## TASK MATERIAL
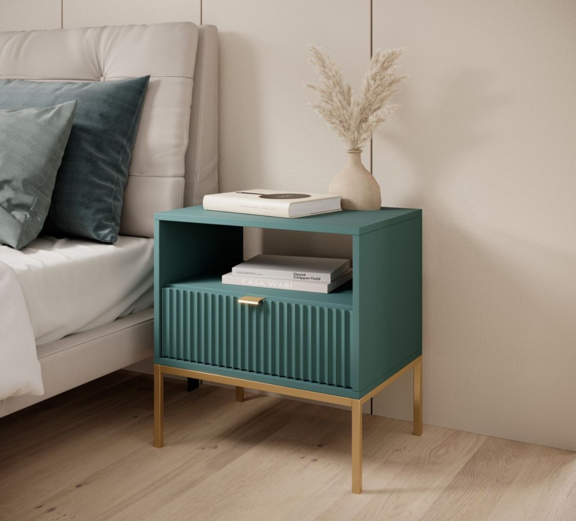 Noptiera Nova verde de la Piaski este o piesă de mobilier elegantă și funcțională, perfectă pentru dormitoarele moderne.
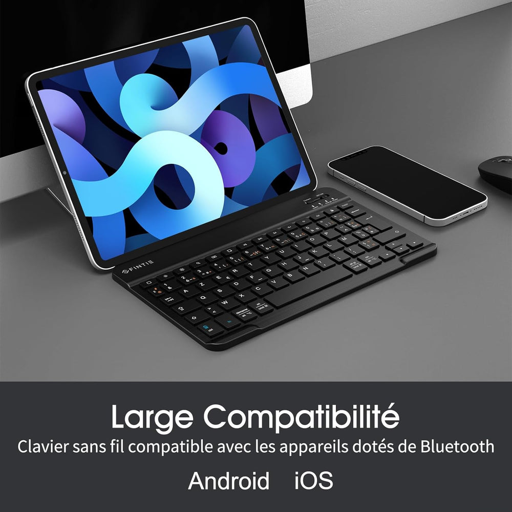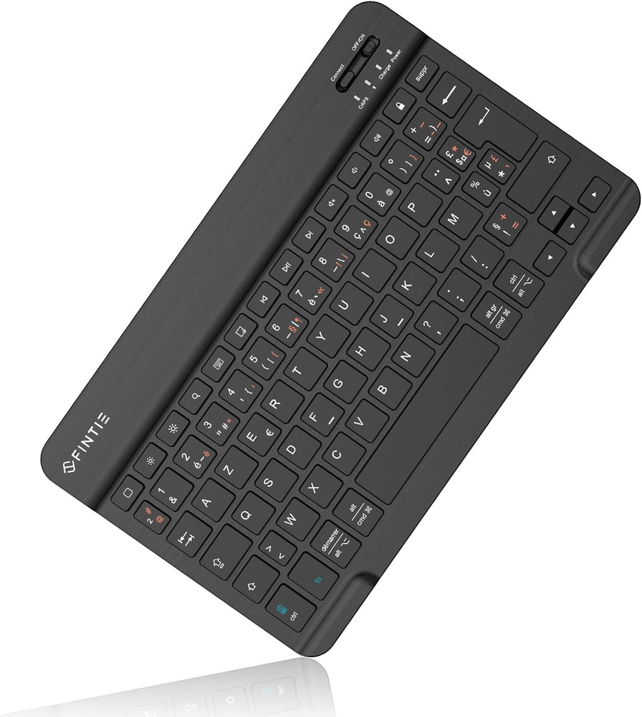 Fintie Ultra Dünn (4mm) Bluetooth Tastatur mit französischem Layout AZERTY für iPad/Samsung Galaxy T
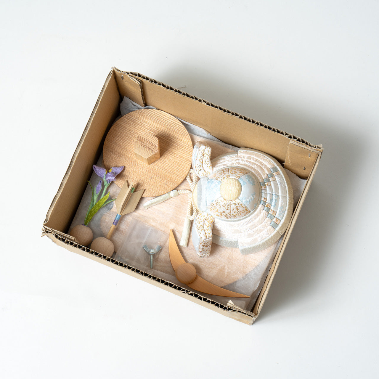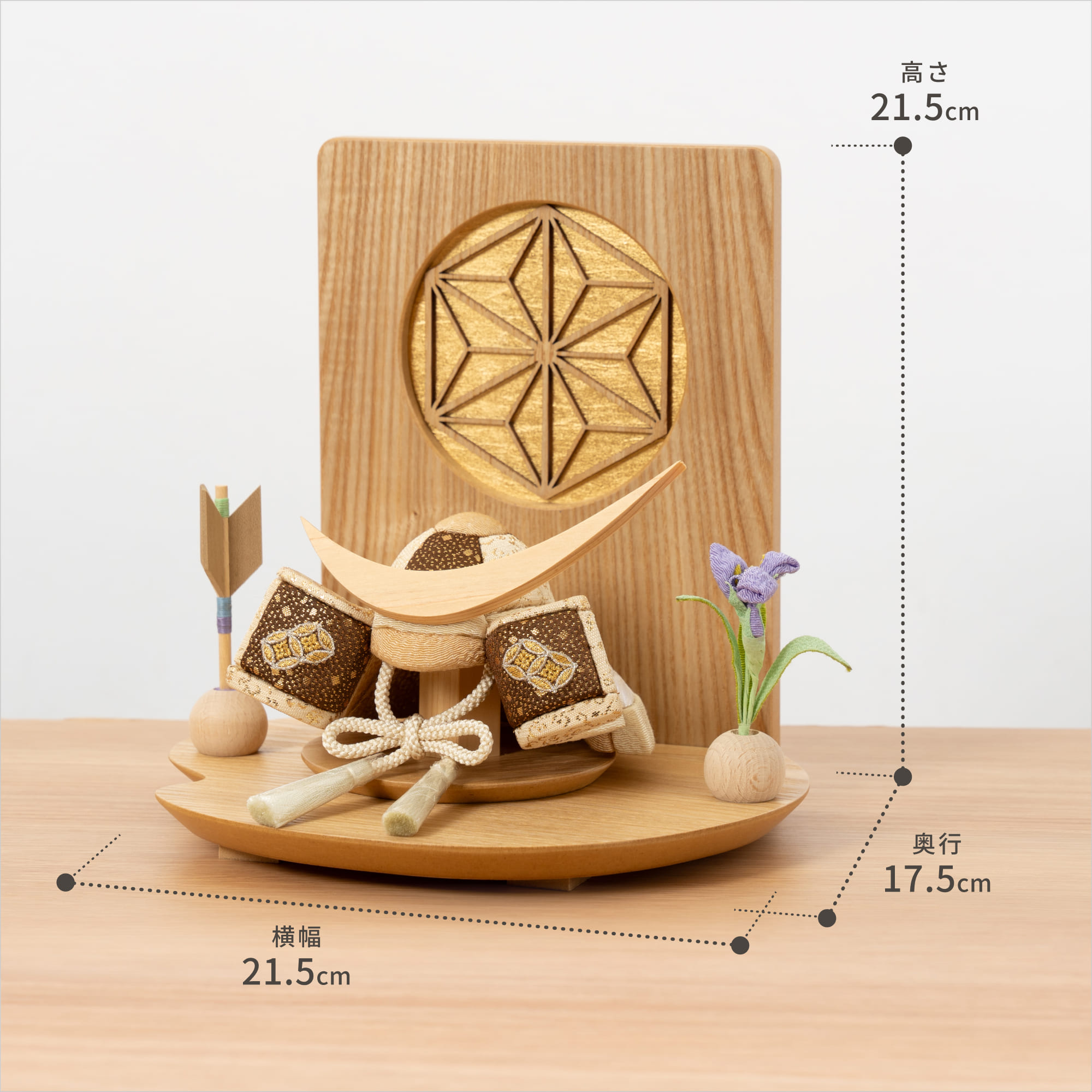 日本の天然木でつくった節句人形 ことの木目込かぶと
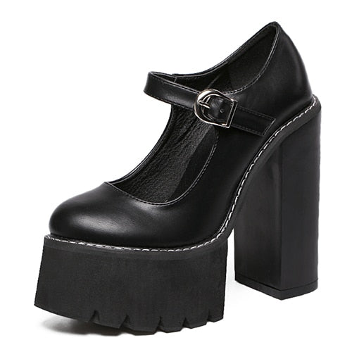 Gdgydh New Arrival Women Classic Pumps Shoes Spring Summer Black Leather Mary Jane Heels Fashion Buckle Platform Shoes Woman
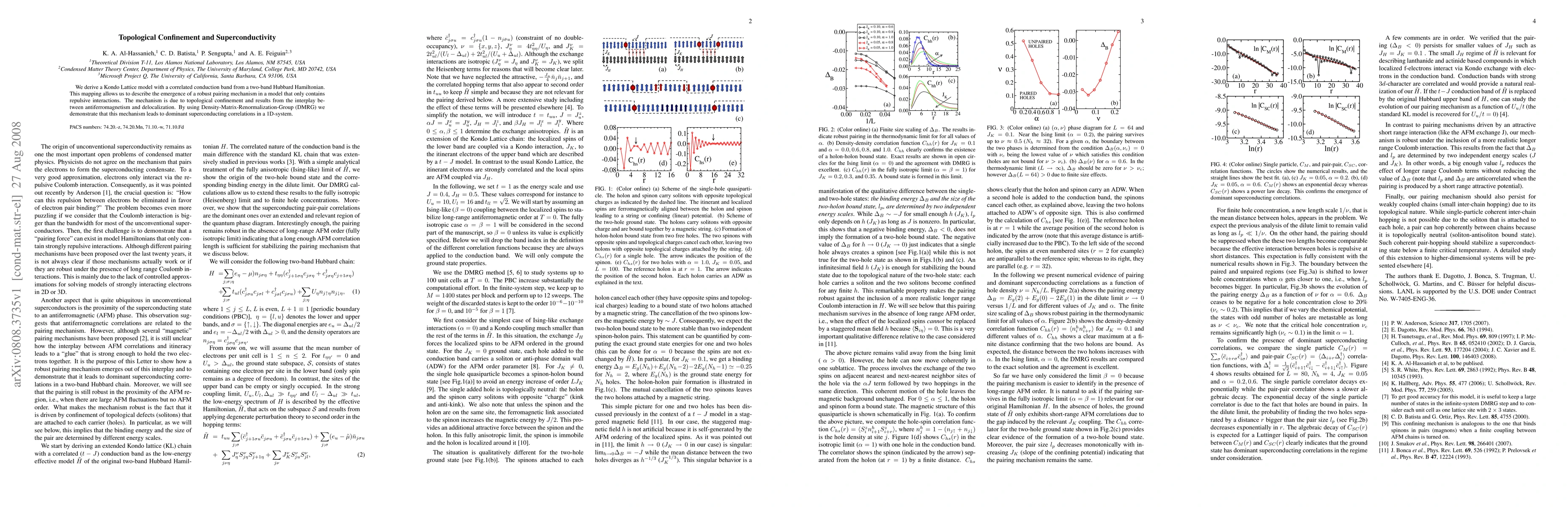 We derive a Kondo Lattice model with a correlated conduction band from a two-band Hubbard Hamiltonian. This mapping allows us to describe the emergence of a robust pairing mechanism in a model that only contains repulsive interactions. The mechanism is due to topological confinement and results from the interplay between antiferromagnetism and delocalization. By using Density-Matrix-Renormalization-Group (DMRG), we demonstrate that this mechanism leads to dominant superconducting correlations in a 1D-system.
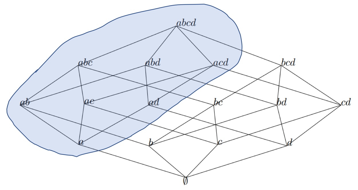 그럼 그 lattice에서 a를 포함하는 8개의 set을 지워버릴 수가 있는 것이다!
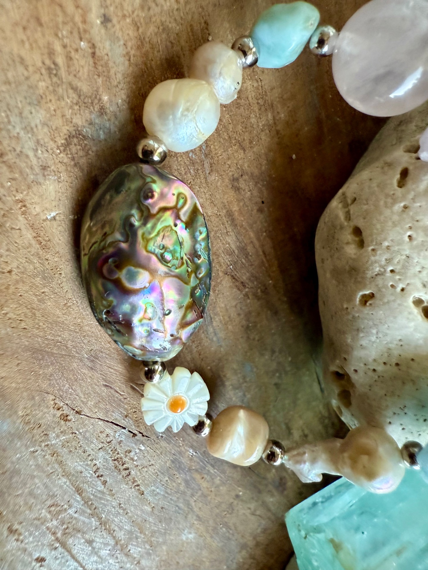 Materiály: mix surových minerálov, paua mušľa, baroková perla, perleť, mušľovina
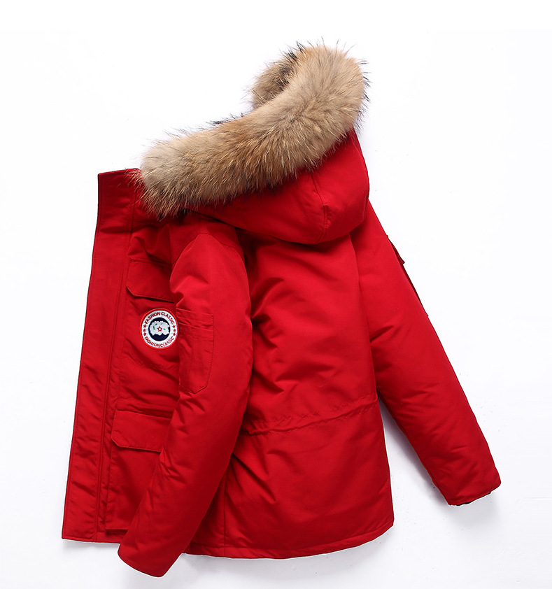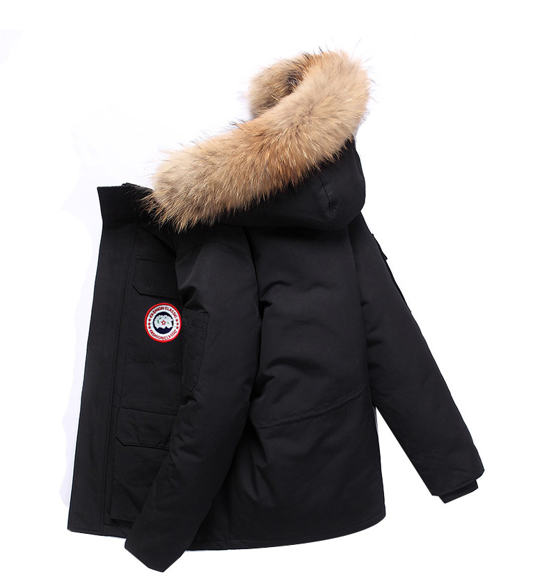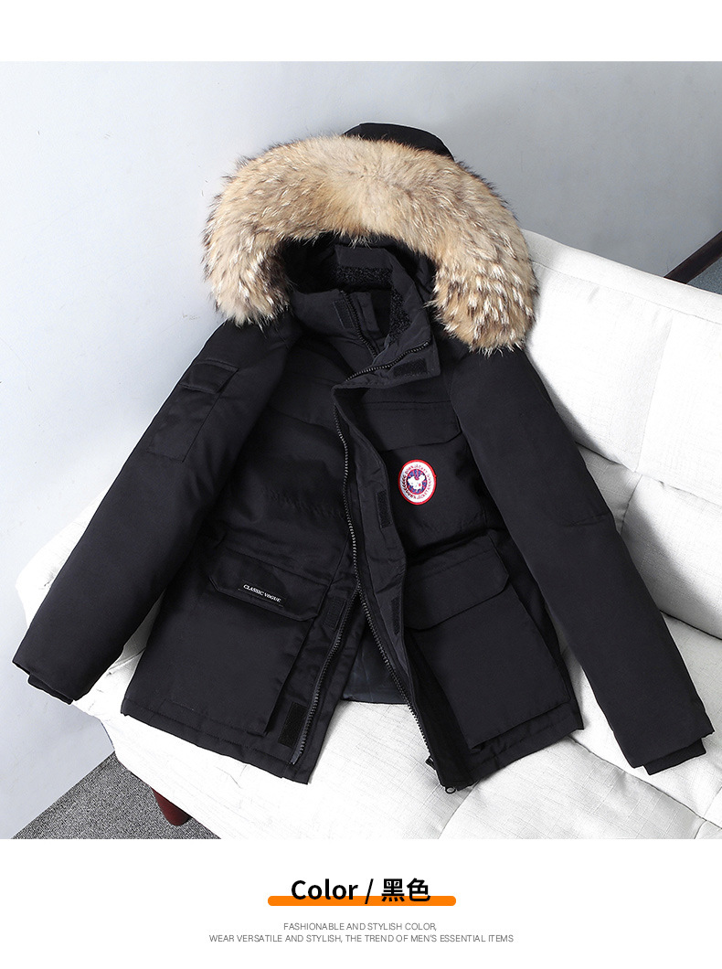 Трансграничный Зимний новый модный пуховик с капюшоном для пар, Мужская модная утолщенная синяя куртка с маленьким шерстяным воротником, модная куртка

## WORK INSTRUCTIONS
Give back, exactly and without pictures, the stretch of the records above from the line containing "日本の天然木でつくった節句人形 ことの木目込かぶと" through the line containing "Gdgydh New Arrival", with both end lines included.

## REPLY TO THE EXERCISE
 日本の天然木でつくった節句人形 ことの木目込かぶと
 Gdgydh New Arrival Women Classic Pumps Shoes Spring Summer Black Leather Mary Jane Heels Fashion Buckle Platform Shoes Woman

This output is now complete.